The significant risk factors of in-hospital mortality in hyperglycemia patients, according to our findings, were patient age of ≥60 years, T2DM, heart failure, and renal failure. Jomaa et al. reported similar risk factors such as age ≥75 years, anemia, heart failure, cardiogenic shock, renal failure, and bleeding as independent predictors of mortality in T2DM patients presenting with hyperglycemia [17].

Limitation of the study

Our study was limited in that the sample size was small.

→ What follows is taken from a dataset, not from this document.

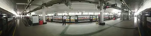 Xunfenggang Station (simplified Chinese: 浔峰岗站; traditional Chinese: 潯峰崗站) is an interchange station between Line 6 and Line 12 of the Guangzhou Metro, and serves as the western terminus for both lines.[1] The Line 6 station started operations on 28 December 2013.[2] It is located at the south of the area of Xunfenggang (浔峰岗), A1 Road, Jinshazhou, Baiyun District.[3] The terminus approaches near Lishui, Nanhai District, Foshan, which is just over the hill next to the station.[4] Line 12 opened at this station on 29 June 2025, thus becoming an interchange station.

Future similar studies should be conducted in a large center with a larger study population to confirm cardiac outcomes of STEMI patients with hyperglycemia at admission.

Conclusions

Hyperglycemia is independently associated with cardiac death in STEMI patients, and the predictive value of hyperglycemia is higher in T2DM patients compared to patients without T2DM. Hyperglycemia with STEMI has been a challenge for cardiologists around the world, and better management with effective treatment is the only strategy to decrease the morbidity and mortality rate.